Autrement dit, la Cour de cassation introduit une précision qui suppose qu’il soit procédé à une appréciation in concreto de la situation dans laquelle le salarié se trouve dans le cadre de ses trajets domicile-travail, pour déterminer si ces temps doivent être considérés comme du temps de travail effectif ou s’ils doivent simplement donner lieu à contrepartie au titre de l’article L3121-4 du Code du travail.

En l’occurrence, dans l’affaire portée devant la Cour de cassation, durant ses temps de déplacement, le salarié itinérant, qui exerçait les fonctions de technico-commercial, devait utiliser son téléphone portable professionnel et son kit main libre intégré dans le véhicule mis à sa disposition par la société pour fixer des rendez-vous, appeler et répondre à ses divers interlocuteurs, clients, directeur commercial, assistantes et techniciens. Par ailleurs, il ne se rendait que de façon occasionnelle au siège de la société pour l’exercice de sa prestation de travail, intervenait sur 7 départements éloignés de son lieu de travail, ce qui le conduisait parfois à réserver une chambre d’hôtel afin de pouvoir reprendre le lendemain le cours de ses visites programmées.

La Cour de cassation a donc conclu, sur la base de l’ensemble de ces éléments que, durant ses déplacements, le salarié devait se tenir à la disposition de l’employeur et se conformer à ses directives sans pouvoir vaquer à des occupations personnelles, ce qui constitue la définition même du temps de travail effectif.

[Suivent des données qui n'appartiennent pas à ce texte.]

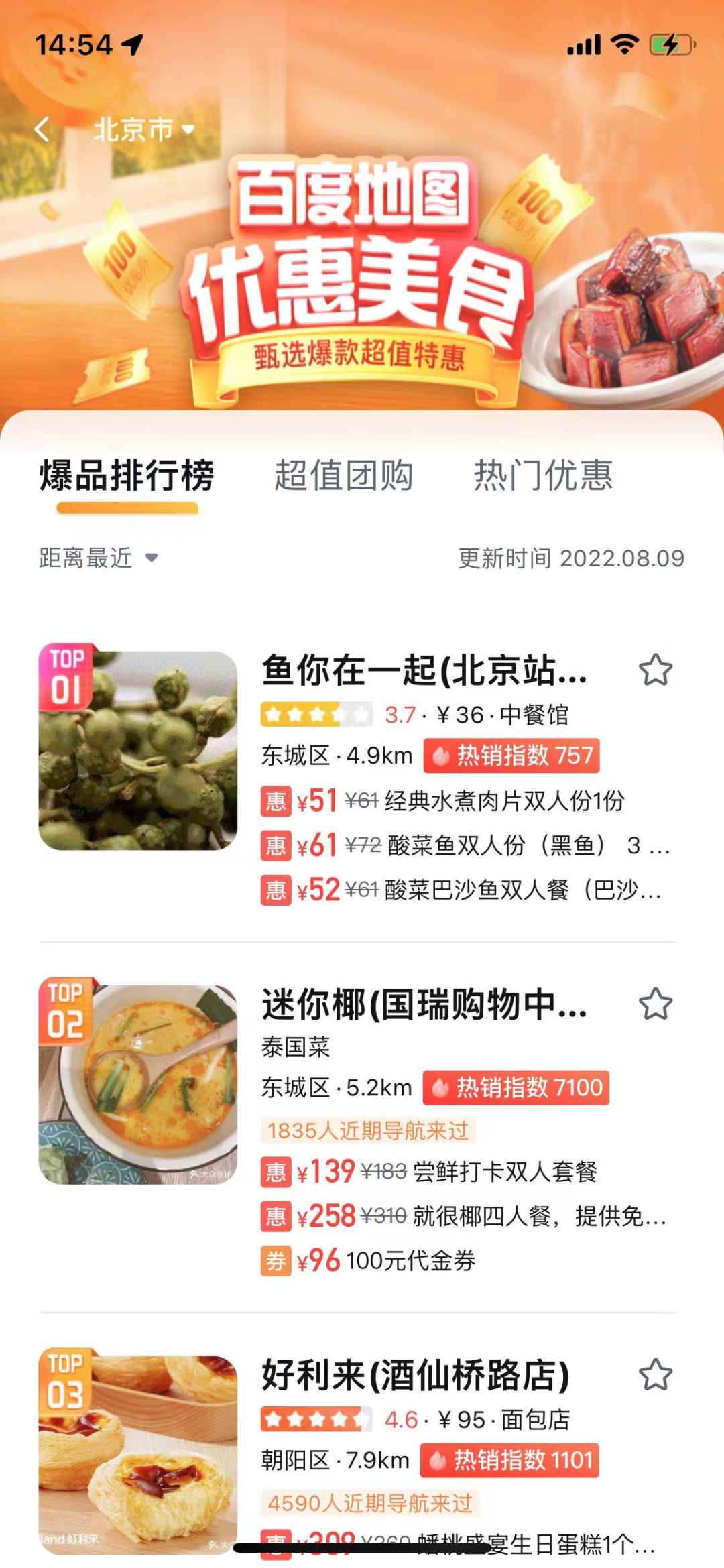 不過,雪豹財經(jīng)社在體驗后發(fā)現(xiàn),百度地圖“美食團(tuán)購”功能基于LBS顯示周邊的餐飲門店,頁面頂部劃分了優(yōu)惠餐廳、上榜餐廳、高分餐廳、附近1KM等欄目。頁面中部的地區(qū)熱門優(yōu)惠榜之下,又劃分為爆品排行榜、超值團(tuán)購、熱門優(yōu)惠等。在爆品排行榜中,排名前十的商家既有評分4.8的餐廳,也有評分3.7的餐廳。

Cette analyse renforcée ne sera pas sans incidence puisque, dès lors qu’il sera possible d’identifier les critères du temps de travail effectif, le temps de déplacement domicile-travail devra être pris en compte pour apprécier notamment le respect des temps de repos quotidien et hebdomadaire ainsi que la réalisation d’heures supplémentaires.

Désormais, les employeurs devront être en mesure de cadrer et de contrôler les modalités d’exécution des déplacements de leurs salariés itinérants et plus particulièrement leurs activités au cours de ces périodes afin de s’assurer qu’ils ne constituent pas un temps de travail effectif.

En pratique : cette décision appelle un réexamen des conditions dans lesquelles les salariés itinérants (principalement du réseau de visite médicale sur SERVIER France), réalisent leurs temps de trajet domicile/lieu de travail. Le cas échéant, des aménagements devront être apportés aux conditions de ces trajets, sauf à les qualifier d’office de temps de travail effectif.